Transformer-KAN: A Novel Hybrid Architecture for Time Series Prediction

🚀 Transformer-KAN: Our Proposed Model

Transformer-KAN is a groundbreaking hybrid architecture that revolutionizes time series prediction by combining the best of both worlds:

🧠 Transformer Encoder: Captures complex temporal dependencies through multi-head attention mechanisms
🔧 KAN Output Layer: Replaces traditional linear layers with learnable spline-based activation functions
⚡ Enhanced Performance: Superior prediction accuracy compared to standalone Transformer or KAN models

Why Transformer-KAN?

Traditional deep learning models for time series prediction often suffer from limited expressiveness due to fixed activation functions. Our Transformer-KAN architecture addresses this limitation by:

Adaptive Nonlinearity: Each connection learns its own activation function through KAN's spline-based approach
Temporal Modeling: Transformer encoders effectively capture long-range dependencies in time series data
Superior Approximation: KAN's universal approximation capabilities enhance the model's representational power

Abstract

This repository presents Transformer-KAN, an innovative deep learning architecture that combines Transformer encoders with Kolmogorov-Arnold Networks (KAN) for time series regression tasks. Our proposed model leverages the powerful sequence modeling capabilities of Transformers while incorporating KAN's learnable activation functions to enhance model expressiveness and prediction accuracy. The Transformer-KAN architecture represents a significant advancement in time series forecasting by integrating the attention mechanism with adaptive nonlinear transformations.

Key Contributions

Novel Hybrid Architecture: First integration of Transformer encoders with Kolmogorov-Arnold Networks for time series prediction
Enhanced Expressiveness: KAN-based output layers provide learnable nonlinear activation functions
Superior Performance: Demonstrated improvements over traditional Transformer and KAN models
Comprehensive Framework: Complete implementation with training, validation, and testing pipelines

Model Overview

The Transformer-KAN architecture combines:

Transformer Encoder: Captures long-term dependencies in time series data through multi-head attention mechanisms
Kolmogorov-Arnold Networks: Provides adaptive nonlinear transformations as output layers
Batch Normalization: Enhances training stability and convergence speed

Architecture Details

1. Transformer-KAN Model (`model_Trans_KAN.py`)

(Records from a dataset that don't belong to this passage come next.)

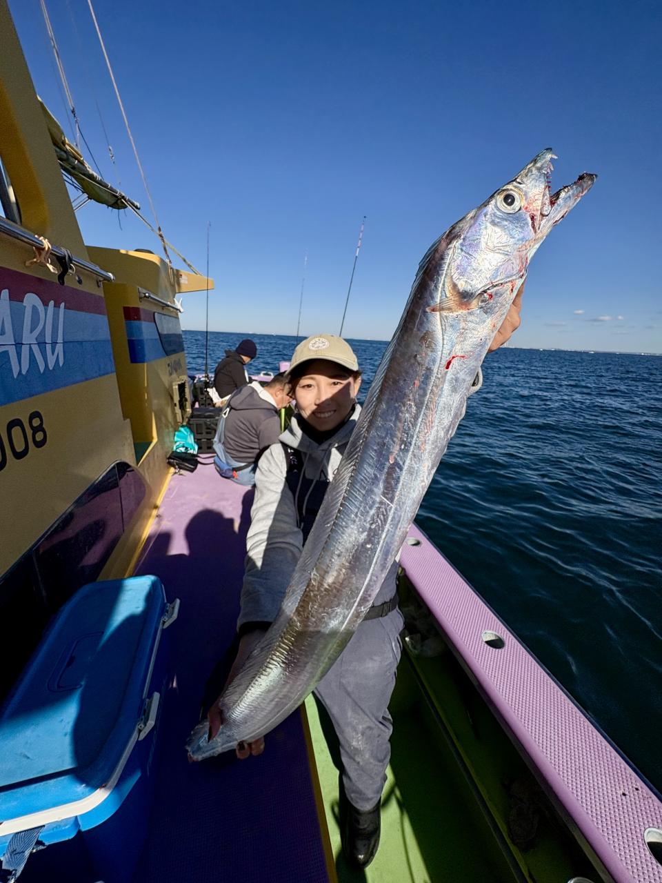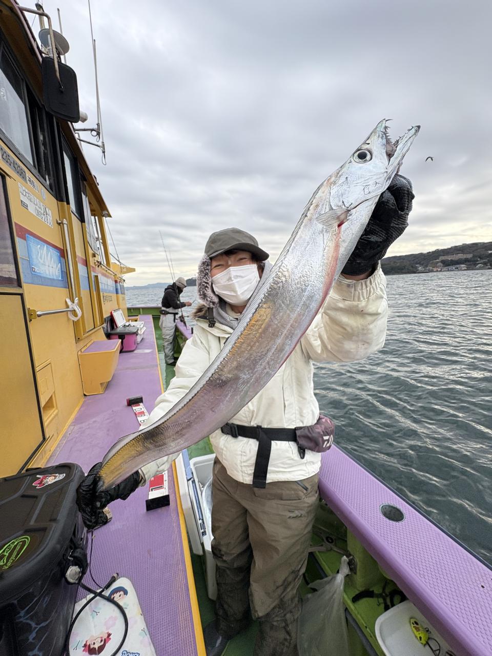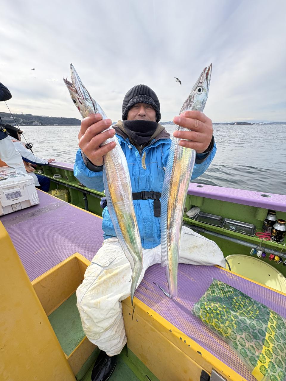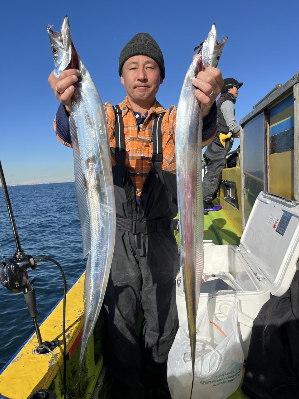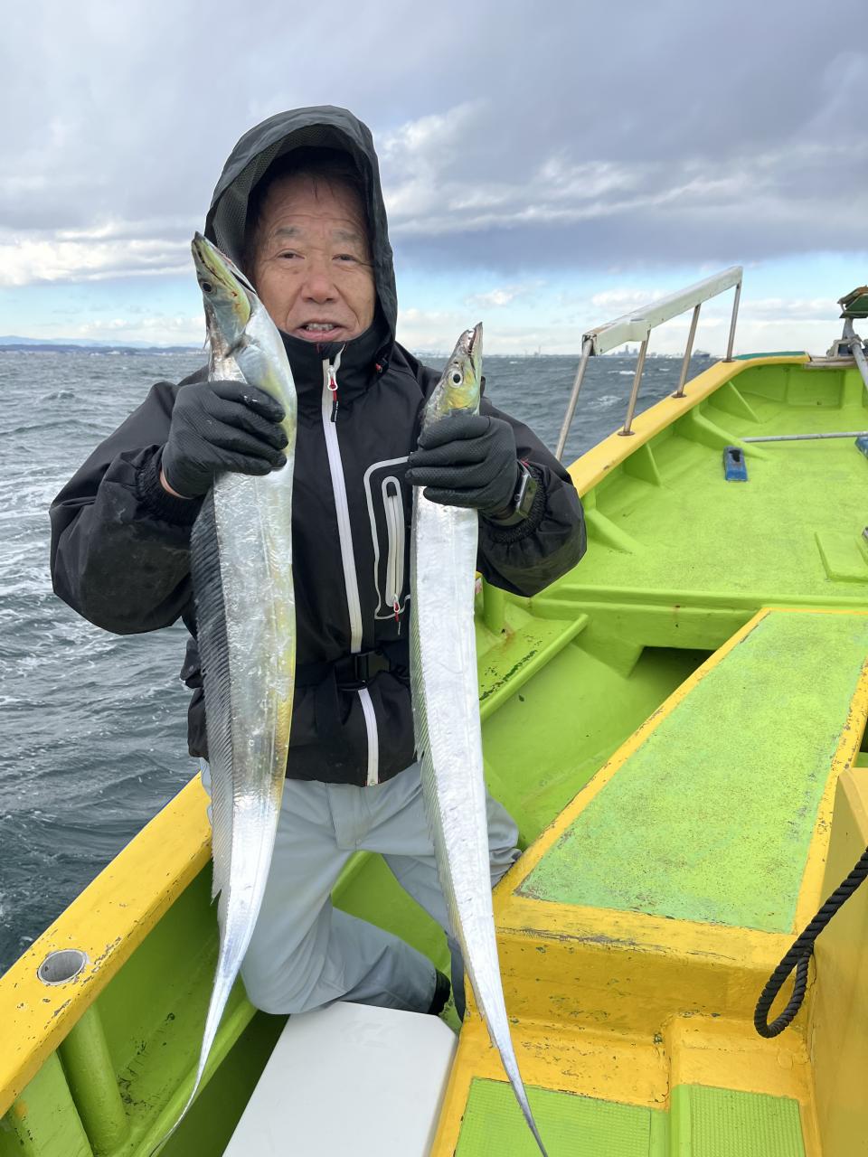 裕司船長、左舷側のお二人のお兄さん達、寒い中頑張ってレクチャー通りのロッドアクションでタチウオゲット✌️
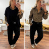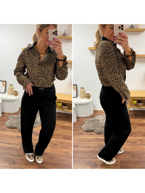 Pantalon noir avec taille élastiquée et fausse ceinture (du 36...
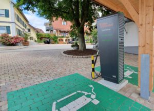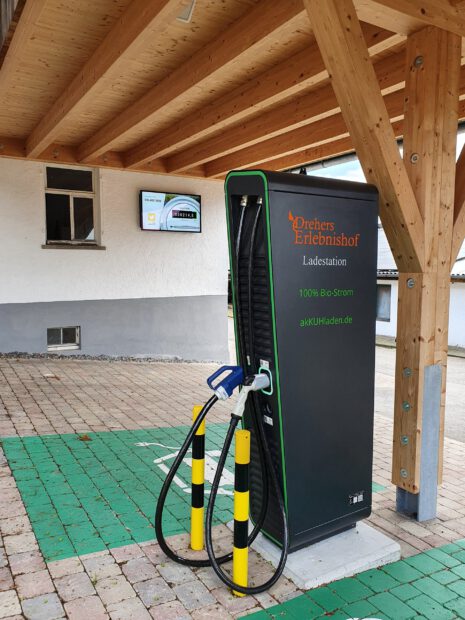 Der Strom für die HPC (High Power Charging) Station kommt zu 100 % aus unserer Biogasanlage, d.h. aus der Gülle unserer Kühe gewinnen wir CO²-neutral den Strom für die Ladestation.
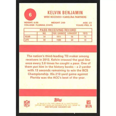 This is a 2014 Topps Chrome 1963 Minis Kelvin Benjamin football card. The card is #6 and pictures show condition.
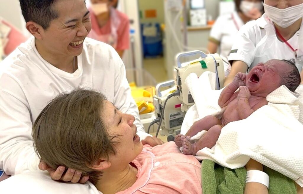 何度もいきみを繰り返し、ようやく元気な産声が響きます。分娩室は安堵と喜びに包まれました。
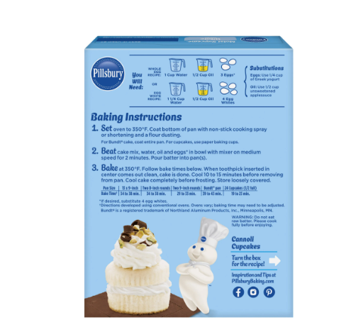 All You Need: **Whole Egg Recipe: **1/2 Cup oil **1 Cup water **3 Eggs* **Or **Egg White Recipe: **1/2 Cup oil **1 1/4 Cups water **4 Egg whites **Substitutions **Eggs: Use 1/4 cup of Greek yogurt **Or **Oil: Use 1/2 cup unsweetened applesauce **Baking Instructions **1. Set oven to 350°F. Coat bottom of pan with no-stick cooking spray or shortening and a flour dusting. **For Bundt® cake, coat entire pan. For cupcakes, use paper baking cups. **2. Beat cake mix, water, oil and eggs in bowl with mixer on medium speed for 2 minutes. Pour batter into pan(s). **3. Bake at 350°F. Follow the bake times below. When toothpick inserted in the center comes out clean, cake is done. Cool 10 to 15 minutes before removing from pan. Cool cake completely before frosting. Store loosely covered. ***If desired, substitute 1/2 cup egg substitute for the eggs. **Pan Size: 13 x 9-inch; Bake Time: 34 to 38 min. **Pan Size: Two 8-inch rounds; Bake Time: 34 to 38 min. **Pan Size: Two 9-inch rounds; Bake Time: 29 to 33 min. **Pan Size: Bundt® pan; Bake Time: 39 to 43 min. **Pan Size: 24 cupcakes (1/2 full); Bake Time: 19 to 23 min.
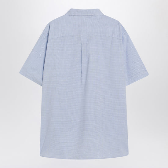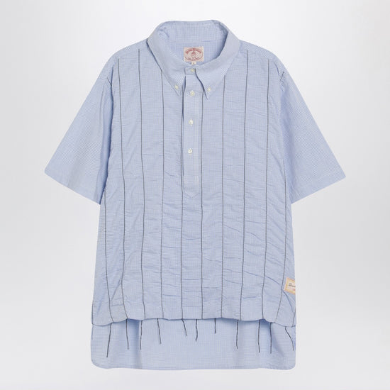Brain Dead shirt T-shirt in collaboration with Brooks Brothers in blue checked and striped cotton, featuring button-down collar, short sleeves, half front button placket, front logo patch and curved hem.
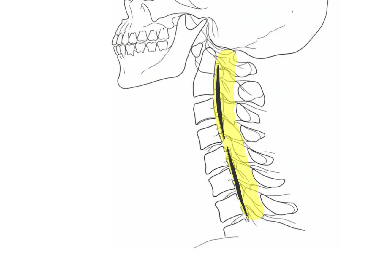図の、薄黄色が神経の通ている脊柱管のスペース。その中の、黒い縦線部分が後縦靭帯の骨化を示しています。
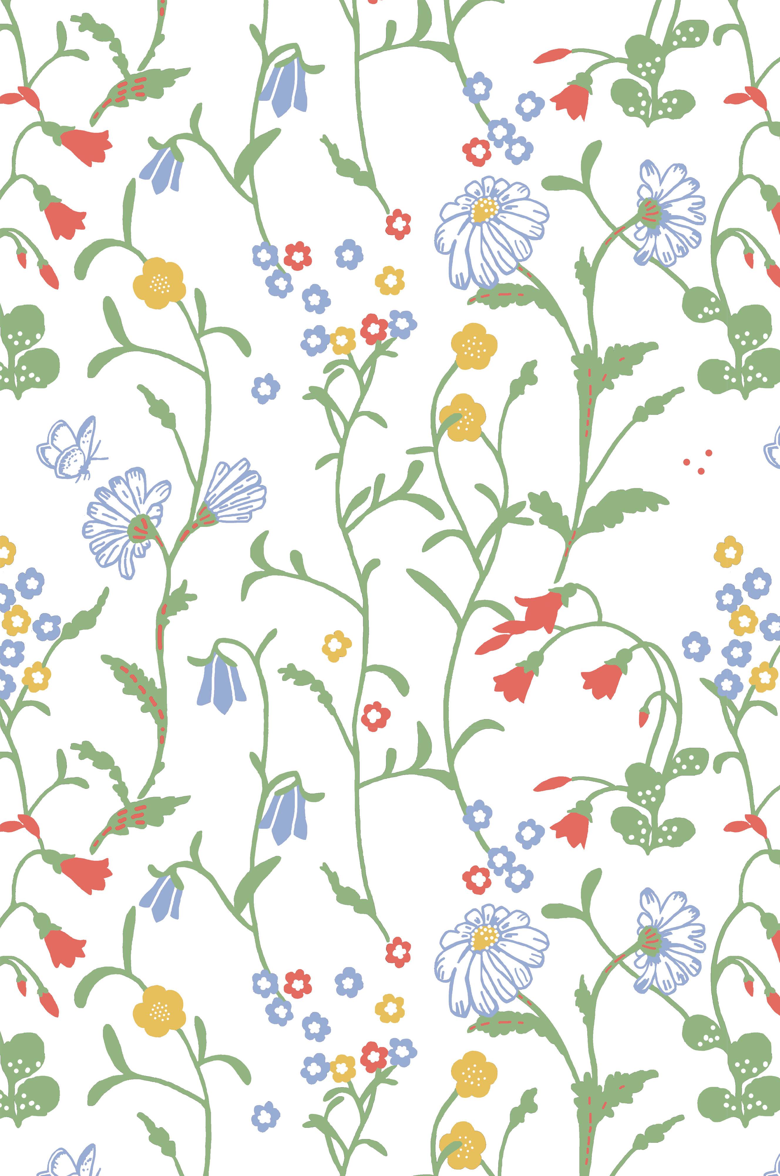 Tapet Midsommar hvid bestiller du på varenr. 1028366-01-0. Tapetet leveres i rulle med længde 10,05 m og bredde 53 cm.
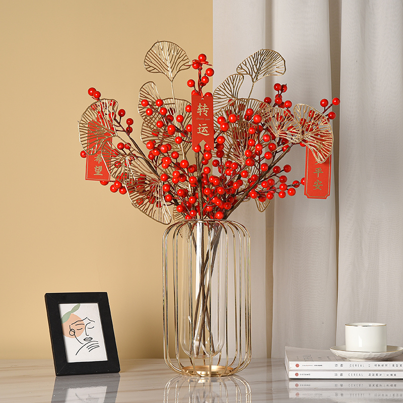 Fragrant Red Fruits Hair Chaeze Fruits Winter Green Simulation Flowers Furnishing Chinese New Year Holiday Flowers Flower Arrangement Living Room Table Drying Flower Pendulum Pieces
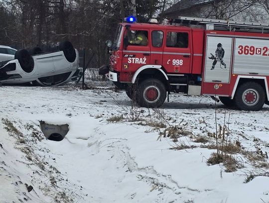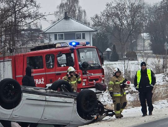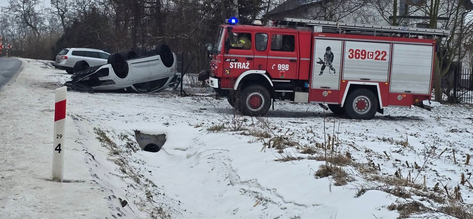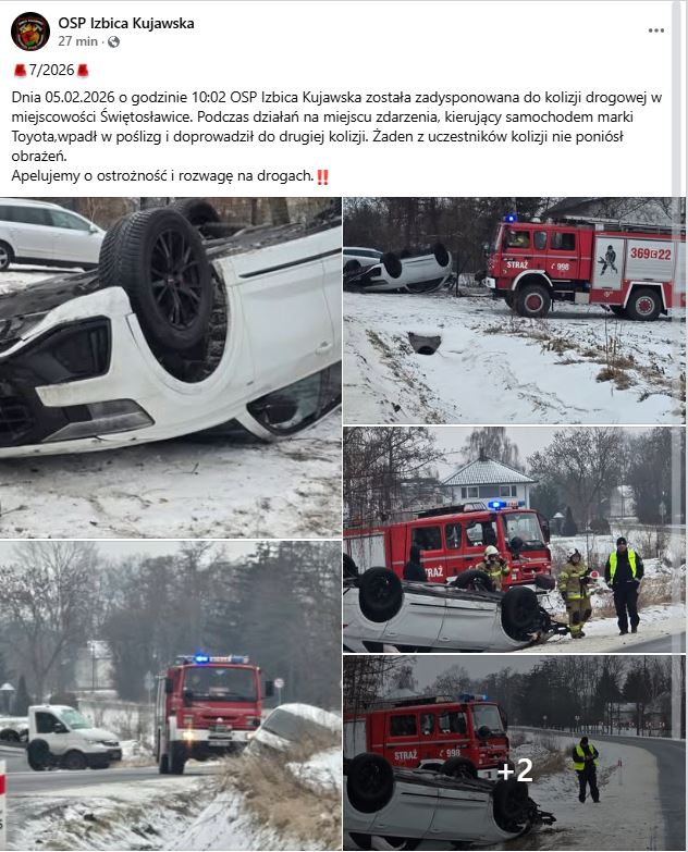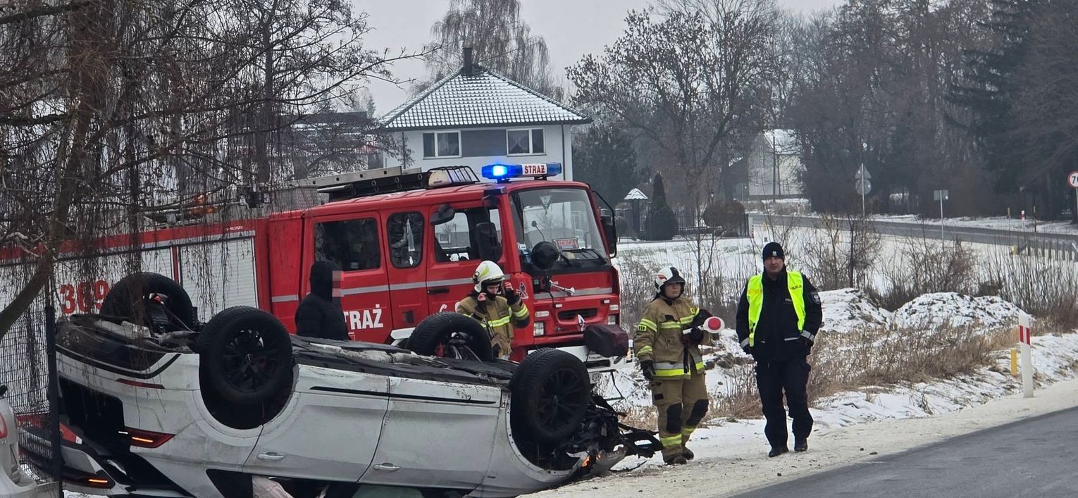 Podczas działań prowadzonych na miejscu zdarzenia kierujący samochodem marki Toyota wpadł w poślizg, w wyniku czego doszło do drugiej kolizji. Pojazd przewrócił się na dach. Na miejscu interweniowały służby ratownicze, które zabezpieczyły teren oraz usunęły zagrożenia związane z uszkodzonymi pojazdami. Jak przekazano, żaden z uczestników zdarzenia nie odniósł obrażeń i nie było potrzeby udzielania pomocy medycznej. Służby apelują do kierowców o zachowanie szczególnej ostrożności oraz rozwagi na drogach, zwłaszcza w trudnych warunkach zimowych.
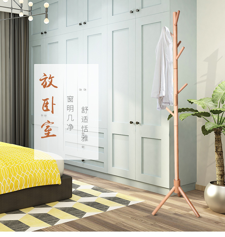 Net reddits solid wood clothes hat rack floor hanging clothes hanger Easy bedroom home single-pole clothes bag set of things brief modern
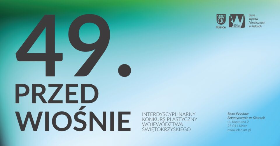 Już po raz 49 Biuro Wystaw Artystycznych w Kielcach zaprasza wszystkie upoważnione regulaminem osoby artystyczne do wzięcia udziału w kolejnej edycji dorocznego konkursu i wystawie pokonkursowej PRZEDWIOŚNIE.
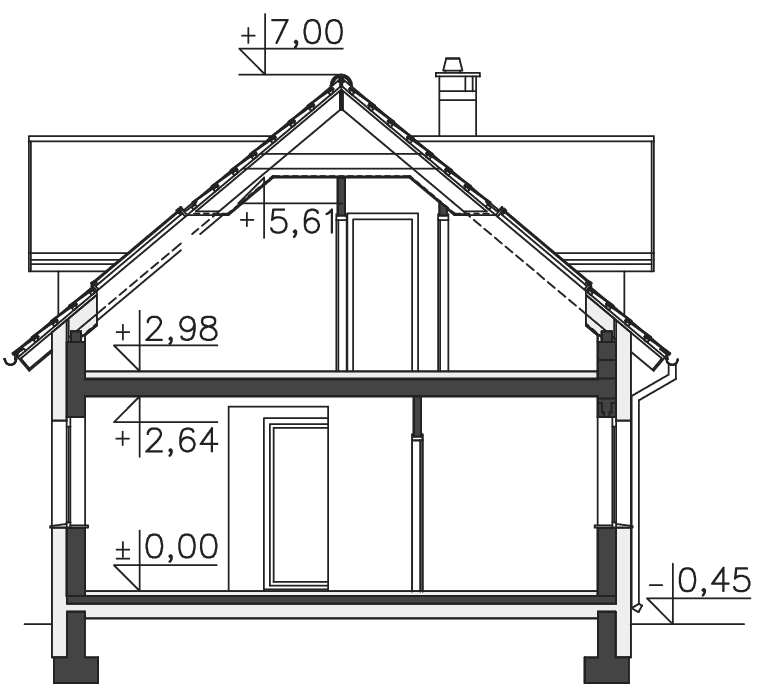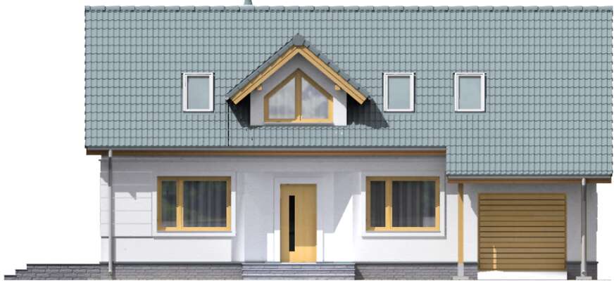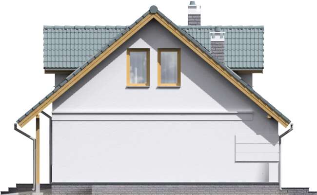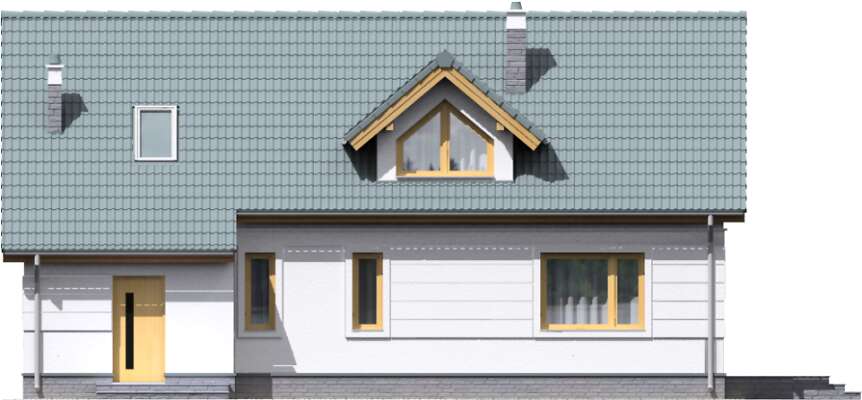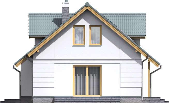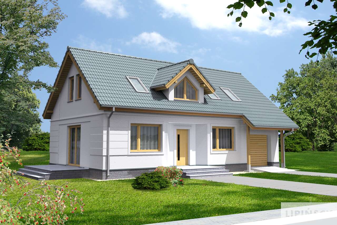 Energooszczędny dom o tradycyjnej bryle, który znakomicie nadaje się na działki z wjazdem od wschodu. Charakteryzuje go czysty podział pomieszczeń, gdzie mamy doświetlony z trzech stron salon, a także osobną, dużą kuchnię ze spiżarnią, przez którą można przejść do części gospodarczej i garażu. Na poddaszu, choć niewielkim znalazły się trzy sypialnie, w tym jedna z garderobą, osobna pralnia i łazienka. Stylistyka domu jest tradycyjna – spokojna, lekka i miła dla oka.

The core innovation of this work is the Transformer-KAN architecture:

class TimeSeriesTransformer_ekan(nn.Module):
    def __init__(self, input_dim, num_heads, num_layers, num_outputs, hidden_space, dropout_rate=0.1):
        # Transformer Encoder for sequence modeling
        self.transformer_encoder = nn.TransformerEncoder(...)
        # KAN-based output layer for adaptive nonlinearity
        self.e_kan = KAN([hidden_space, 10, num_outputs])

Architecture Flow:

Input Time Series → Linear Transform → Transformer Encoder → KAN Output Layer → Prediction
     (B, T, D)    →    (B, T, H)    →    (B, T, H)      →     (B, 1)       →   (B,)

Where:

B: Batch size
T: Time sequence length
D: Input feature dimension
H: Hidden space dimension

Key Features:

Multi-head Attention: Captures complex temporal dependencies across different time scales
KAN Output Layer: Replaces traditional linear layers with learnable spline-based activations
Adaptive Nonlinearity: Each connection learns its own activation function through B-spline interpolation
Enhanced Expressiveness: Superior approximation capabilities compared to fixed activation functions
Batch Normalization: Ensures training stability and faster convergence

2. Baseline Models for Comparison

Transformer: Standard Transformer model with linear output layers
LSTM: Long Short-Term Memory networks
BiLSTM: Bidirectional LSTM
GRU: Gated Recurrent Units
TCN: Temporal Convolutional Networks
KAN: Pure Kolmogorov-Arnold Networks
MLP: Multi-Layer Perceptron

Requirements

Dependencies

torch>=1.9.0
numpy>=1.21.0
pandas>=1.3.0
scikit-learn>=1.0.0
matplotlib>=3.4.0
thop>=0.1.1
joblib>=1.1.0

Installation

pip install torch numpy pandas scikit-learn matplotlib thop joblib

Data Format

Input Data Requirements

Format: Excel files (.xlsx/.xls)
Structure: Each row represents a time step, each column represents a feature
First Column: Depth information (discarded during preprocessing)
Target Column: Variable to be predicted (specified via parameters)

Data Directory Structure

data_save/
├── 训练集/ (Training Set)
│   ├── well1.xlsx
│   ├── well2.xlsx
│   └── ...
├── 测试集/ (Test Set)
│   ├── test_well1.xlsx
│   └── ...
└── 本次数据读取的缓存/ (Data Cache)
    ├── scaler.pkl
    └── ...

Quick Start

Running Transformer-KAN

# Clone the repository
git clone https://github.com/yourusername/Transformer-KAN.git
cd Transformer-KAN

# Install dependencies
pip install torch numpy pandas scikit-learn matplotlib thop joblib

# Run Transformer-KAN training and testing
python train.py

Quick Example

from tool_for_pre import get_parameters
from train import train
from test import test_main

# Configure Transformer-KAN
args = get_parameters(
    modelname="Transformer_KAN",  # Our proposed model
    target="RD",
    input_size=15,
    output_size=1,
    batch_size=1024,
    num_epochs=50,
    learning_rate=5e-4,
    input_directory="data_save/your_data"
)

# Train and test
model_path = train(args)
test_main(args, model_path)

Usage

1. Data Preprocessing

from tool_for_pre import get_parameters
from data_pre import data_pre_process

# Configure parameters for Transformer-KAN
args = get_parameters(
    modelname="Transformer_KAN",  # Use our proposed model
    target="RD",                  # Target column name
    input_size=15,                # Number of input features
    output_size=1,                # Output dimension
    batch_size=1024,
    num_epochs=50,
    learning_rate=5e-4,
    input_directory="data_save/"
)

# Preprocess data
data_pre_process(args)

2. Model Training

from train import train

# Train the Transformer-KAN model
model_file_path = train(args)

3. Model Testing

from test import test_main

# Test the trained model
test_main(args, model_file_path="models_save/Transformer_KAN/model.pth")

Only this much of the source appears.